Друг Ельцина, американец Билл,

Всё лето Югославию бомбил:

Славянский край разрушен и сожжен -

Что натворил улыбчивый пижон!

Не зря покойный фюрер с того света

Погладил палача по челочке за это:

"Ты молодец, мой продолжатель Билл,

Ты так долбил, как я их не долбил!.."

В Белграде - кровь и дым, в Багдаде - кровь и дым,

Билл возомнил себя героем молодым

И в губы Монике, а ей не повредит,

Свой президентский транш сует, бандит,

И шепчет, спрятавшись в овальной комнате от свиты:

"Арабы, Моня, сплошь антисемиты,

А русские - бродяги, не народ!"

И Монька слушает, раскрыв с галошу рот...

А за дверьми - кремлевские премьеры, олигархи, из шпаны,

Ждут очередь к нему, заране сняв штаны.

У нас, в России-то, они речисты и рукасты,

А в США - обычные, средь прочих, педерасты,

И даже их шунтированный шеф -

Паскуда старая на шее МВФ.

Итог:

Шут с ними, лишь бы там у Чикатило

На наших гомиков силеночек хватило.

Красавец Билл уж любил так любил. Схватил за уши Монику, как пензенский Ванек саратовскую гармонику, че, мол, ее, шалаву, уговаривать и давай наяривать. Ни он, ни она не каются, аж Хиллари на кухне икается. Не нужен Биллу на секс патент. Вот и завидует наш импотент!..

Глава 2.

Разве есть плохой народ? Нету. И страны плохой нет. Есть в каждом народе дармоеды или разбойники, бытовые и политические, сосущие святую кровь родного народа и родной страны... Они, а не народы и не страны затевают обманы, перетрясы и войны. А народ - народ: он посылает своих сыновей и дочерей на гибель, лишь бы защитить солнышко, улыбающееся в окошко отчего дома, лишь бы сберечь борозду и дорогу, дающие нам хлеб и далекую надежду на покой и счастье.

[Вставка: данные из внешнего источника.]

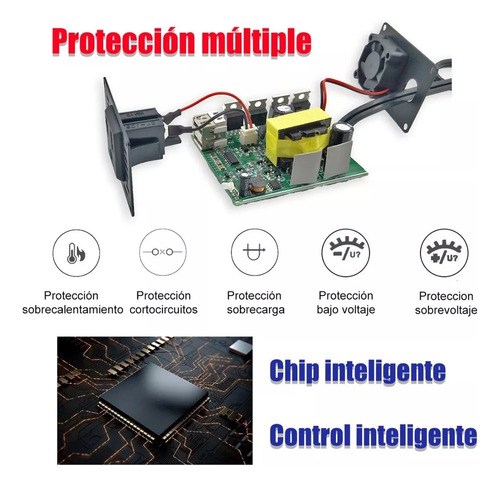 1 porta fêmea americana, 2 portas USB (2.1A e 1A), 1 ventilador, controle inteligente de temperatura – Portátil e prático Tamanho 80 cm * 64 cm * 38 cm, portátil e prático.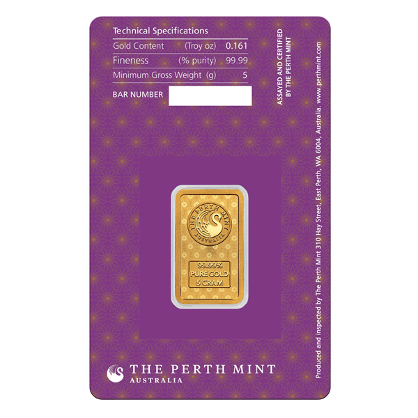 Produced by the historic Perth Mint, these gold bars are meticulously crafted to meet the highest quality and purity standards, often at .9999 fine gold. Solely owned by the Government of Western Australia, Perth Mint's gold bars are protected by a guarantee enshrined in Australia's Gold Corporation Act 1987. The Perth Mint is also a multi-accredited gold and silver refiner and assayer with endorsements by five of the world's leading commodity exchanges.
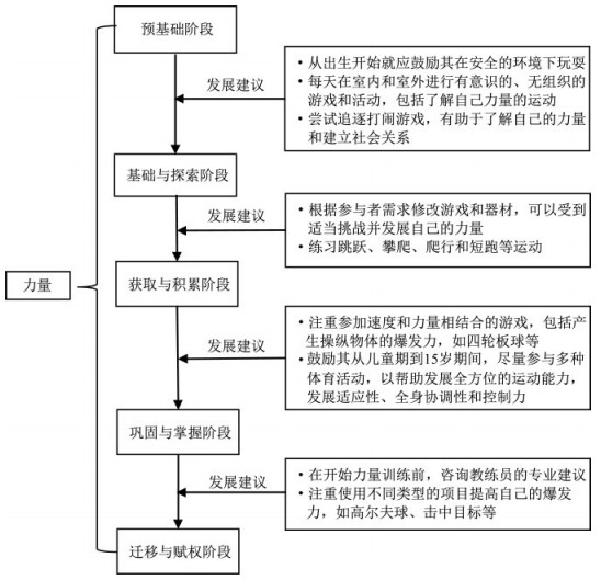 | 图 3 身体域中力量指标的水平阶段发展建议 Figure 3 Schematic diagram of horizontal stage development of indicators of strength in the body domain |
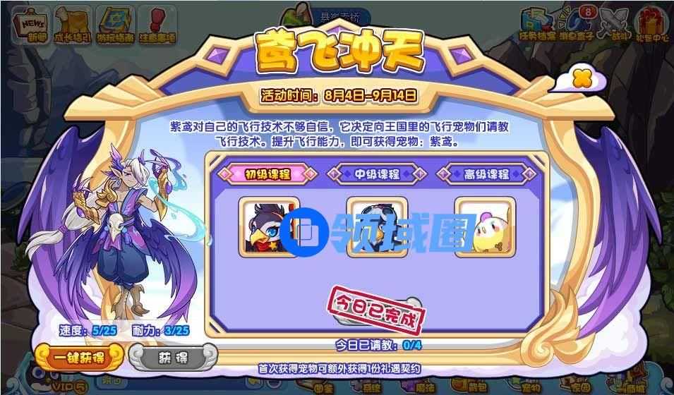 当速度和耐力均达到25点,就可以领取:紫鸢。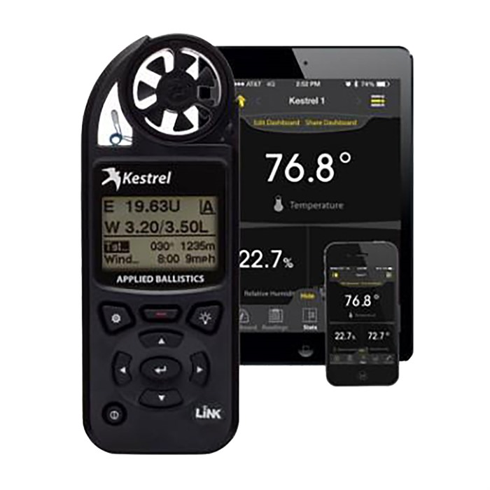 Er wird auch über LiNK mit einem Bushnell CONX Entfernungsmesser verbunden, sodass du die Ergebnisse vom AB Kestrel direkt auf deinem Entfernungsmesser sehen kannst. Wenn du das letzte Quäntchen Leistung aus deinem Gewehr und deiner Munition herausholen möchtest, stelle sicher, dass du beim nächsten Besuch auf dem Schießstand einen Kestrel 5700 Elite mit Applied Ballistics Software dabei hast.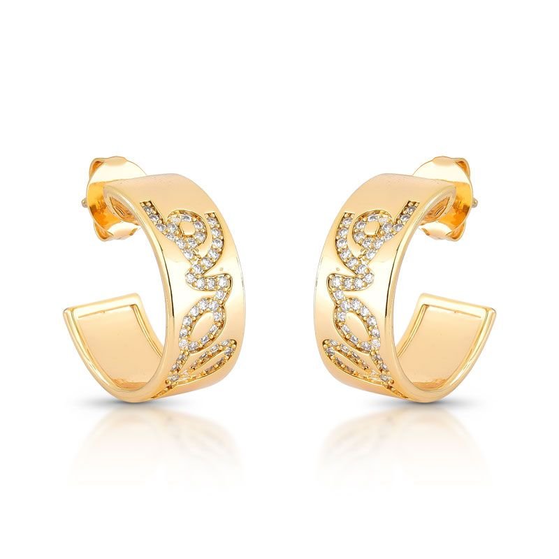 BRINCO MEIA ARGOLA COM PEDRAS CRAVEJADAS ZIRCÔNIAS PALAVRA LOVE BANHADO EM OURO 18K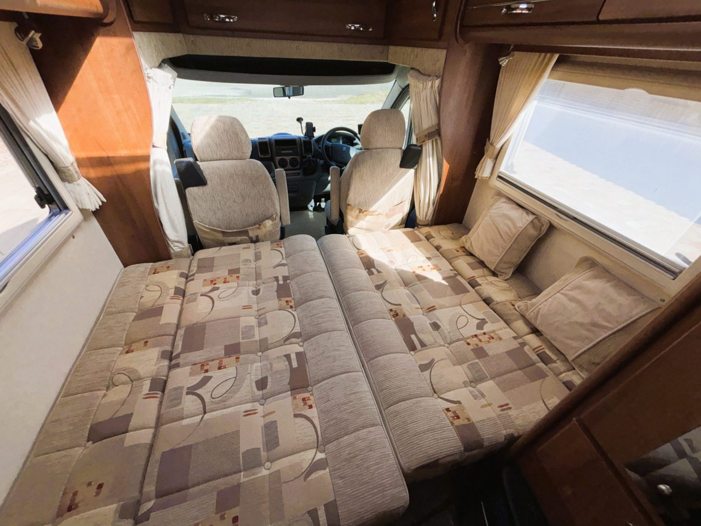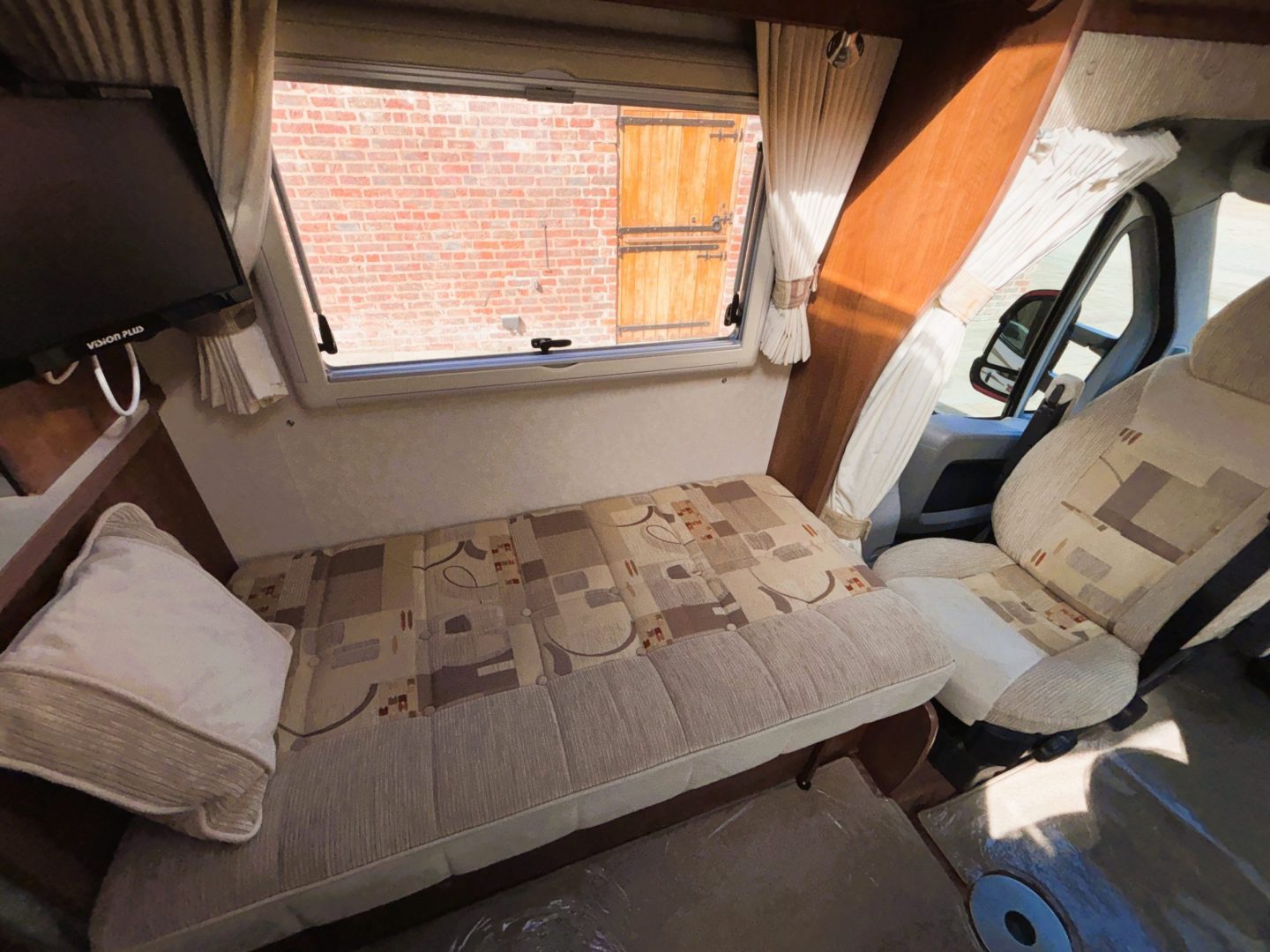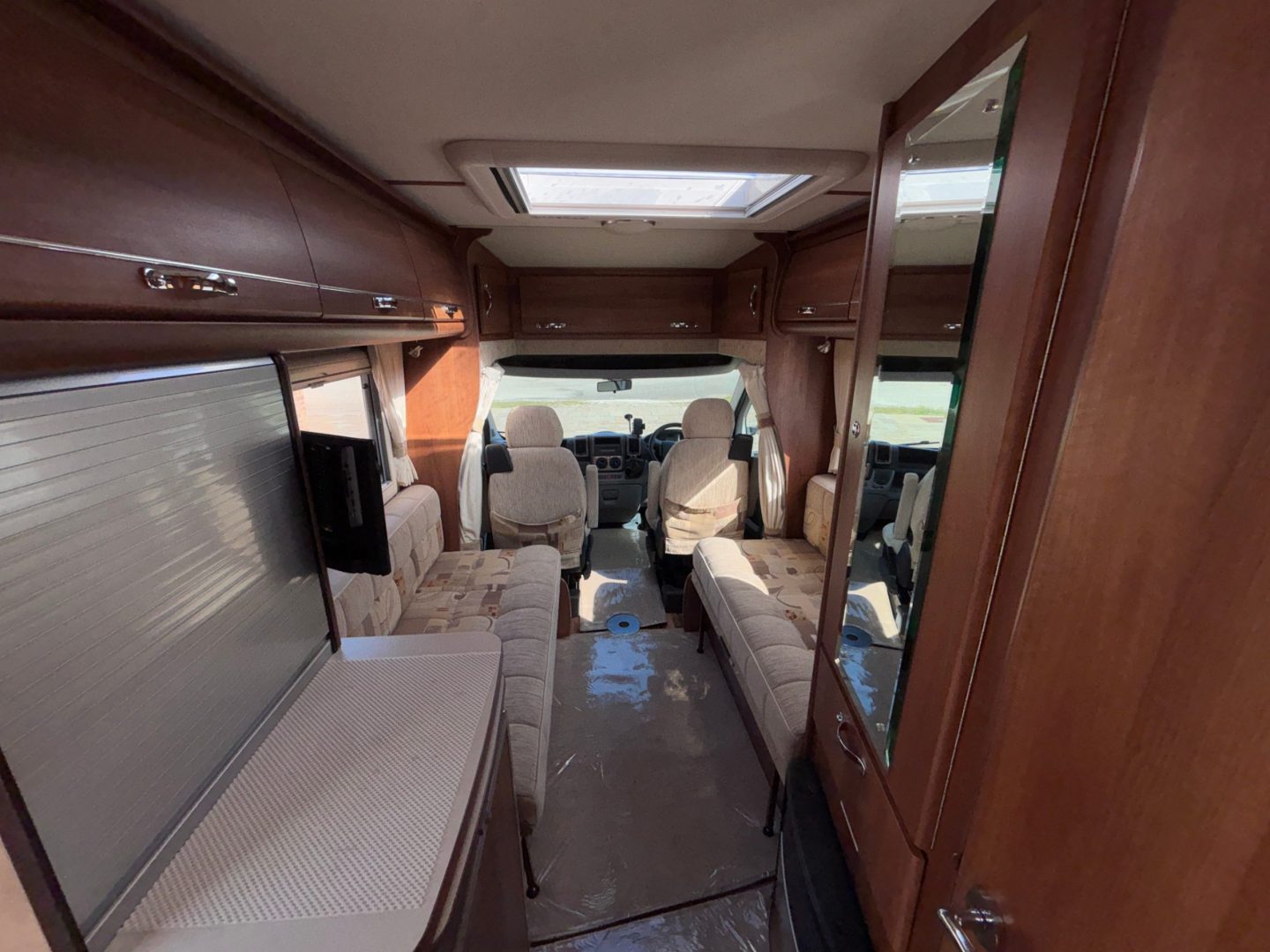 To the front you have the lounge. This is a very comfy and flexible space. To the left is a sofa with storage below, then on the right is another sofa with more storage underneath . There is a dining table stored in the wardrobe, as well as a small occasional table and a TV mounted next to the sofa. With windows on both sides and a large skylight this is an airy light living space. The lounge can convert to two single beds by utilising the front swivel seats ( each is 71cm x 190cm ) or into a transverse double bed ( 140cm x 210cm ).

Солнышко действительно сияло, горело, пылало, щедро плескало свет золотой на Абакан, веселый и зеленый город, столицу Хакасии, и на ее древние холмистые просторы, густо отмеченные седыми грозными могильниками, каменными и гранитными знаками былых сражений - за честь и волю, за судьбу внуков и правнуков. Хакасия - биография Сибири и Востока, с вершины синекрылых Саян Россия, Россия окликнула Азию!..

Нам, литераторам, было дружески уютно вести разговор о собственных заботах, делиться радостями и неудачами на секретариате Союза писателей России, который энергично и четко прошел в Абакане. Нас внимательно слушали руководители республики. Нас угощали песнями и танцами знаменитые мастера искусства. Нас хорошо, по-братски, встречали журналисты.

Председатель СП Республики Горный Алтай привез нам даже министра культуры: давай - размышляй, двигай молодые таланты, призвал так нас Аржан Одаров. Горная Шория, Якутия, Красноярский край, Тува, Бурятия, поэты и прозаики из национальных округов, городов заполярных, много нас, людей, не желающих сдать материнский язык невежеству и забвению, слетелось в Абакан. И сколько обиды и боли вырвалось из уст наших собратьев по перу и по вдохновению?!..

Кому ныне труднее издать книгу, хакасскому писателю или тувинскому, бурятскому или русскому? Мы, писатели народов России, мы, строители "мостов взаимопонимания и соседства", мы, толкователи тревог и чаяний национального разума, задвинуты за виллы и за коттеджи "новых" русских, "новых" удмуртов, "новых" нанайцев, а их крутая новизна - заграничные джипы и выезды на долларовые курорты. Валютчики.

Творцы книг и музыки, картин и сцены живут тяжко в Хакасии, даже, пожалуй, тяжелее, чем, скажем, в Удмуртии или, допустим, в Челябинской области, где "перестроечные авторитеты" еще не успели подчинить себе полностью станок и гвоздь, пахоту и зерно. Хакасия же - полигон для разномастных стервятников. Золото и железо - кради и спекулируй, алюминий и серебро - толкай на Запад и не воронь, можно и свет электрический, свет побежденного СССР, воровать и продавать!.. Свет очей народов России, свет сердец народов России, а чего нельзя "новым" русским или "новым" якутам хапнуть, - только не утомись и не спасуй.

Московский критик Михаил Числов заметил: "Нельзя нормально переводить лучшие произведения национальных писателей с одного языка на другой, нельзя издавать их, чтобы народы России знали и понимали - тропа у них общая и цель у них общая, и Россия у них одна, разноязыкая, разноликая, но благородная, но прекрасная и вечная!.."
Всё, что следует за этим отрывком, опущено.